To recall, Colombia was the nest of drug cartels’ power just about a decade ago. With the effective clipping of the powers of drug lords there, drug lords’ lairs became more diffused thereafter, no longer to be ever concentrated in just one country in Latin America.
Mexico, Jamaica, Brazil, and other countries are now experiencing the growing powers of mafia lords in Latin America. Mexico seems to be the most vulnerable to entrenchment by the drug cartels since the country is just a step away from the United States that is the main drug market in the Americas.
Americans indeed are the most voracious drug users, so that one may wonder whether Americans are still holding own to their nature as humans—that they haven’t already tipped over to their demonic side. A research done in the early 1980s yet showed that as much as 40% of high school students admitted to having used a narcotic at least once, with 20% admitting to having used narcotics repeatedly.
That was the 1980s cited, and it is now 2011 or the 2nd decade of the 21st century. Drug use there has been growing steadily, and so it is safe to infer that over half of Americans are hooked into narcotics. Those heavy users of drugs may be less than 10%, but that still counts around 25 to 29 millions of Americans forever dependent on narcotics.
Next to America would be the European Union or EU. Nobody knows exactly the level and frequency of drug use there. But given the huge 450 million population, even just a 5% heavy usage would translate to 22.5 millions of Europeans heavily dependent on narcotics. At least over a hundred millions more are moderate or non-dependent users.
So it isn’t difficult to see why drug trade is so lucrative a business. In my country alone, drug production and trade is a whopping $10 Billion industry, and that estimate could well be under-estimated. Drug user count here is moving up the ladder too, while the Asian and American markets are also active destinations of drug exports.
Going back to Mexico, it may not be accurate to just cite the American market as the sole impetus for drug production and trade there. Mexico itself has a large population, enough to absorb a very large portion of locally produced narcotics. And there is South America that very well serves as a huge backyard in the Latino world for any salivating drug lord to flood with low prized narcotics, thus ensuring big bucks to the criminal honchos’ pockets.

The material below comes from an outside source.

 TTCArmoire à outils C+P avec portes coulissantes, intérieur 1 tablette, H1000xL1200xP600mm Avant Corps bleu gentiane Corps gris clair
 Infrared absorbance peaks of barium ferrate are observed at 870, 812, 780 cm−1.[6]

With a string of conservative governments installed from the late 90s through the present, the paranoia towards drug cartels is understandable. The same conservatives unleashed the sword of a crusade versus the drug lords who are now being hunted down in the same way that heretics were tracked down and massacred by the Church during the infamous Inquisitions around the globe.

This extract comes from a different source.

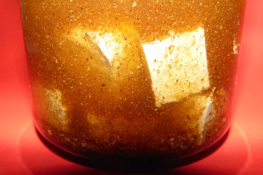 El tofu es una preparación que por lo general no tiene sabor propio, por cual, la tarea de agregar sabor, es un poco difícil para cocineros que no se han aventurado en la cocina vegana. También puedes variar los ingredientes para marinar. Por ejemplo, puedes usar aceite de oliva y romero si quieres hacer una preparación salada. También puede ser jugo de naranja y miel, si quieres preparar un delicioso postre. Lo importante es que una vez abierto el tofu y marinado, debes consumirlo antes de seis días, para que no pierda calidad en su sabor.

Insurgents used to be top national security threats in Mexico, but that fizzled out much later. The last insurgent group Zapatistas were a ragtag peasant group in an erstwhile urban-led Mexico, and that group’s potency fizzled out as soon as its uprisings were mounted.
Now the drug mafias comprise the major national security threat to Mexico, or that is what the Inquisitionist conservatives want Mexicans to believe. So huge is the anti-drug Crusade that the entire machineries of military and police are engaged in large-scale offensive operations that are akin to facing men-at-war in a conventional war between conflicting nations.
Keen observers are noticeably irked at the rather excessive force being used to stump out drug mafias in the country. The paranoia is simply too much, the force is excessive, and so expectedly the ‘collateral damage’ of the war is proving too much for ordinary citizens caught in between the violent fireworks.
Mexicans should better exert efforts to bring down that paranoia and bring back the Mexican central government to reality. Mafia groups ought to be stumped out all right, but the war need not be in the vogue of a full-scale war akin to engagement in a world war.
[Philippines, 03 February 2011]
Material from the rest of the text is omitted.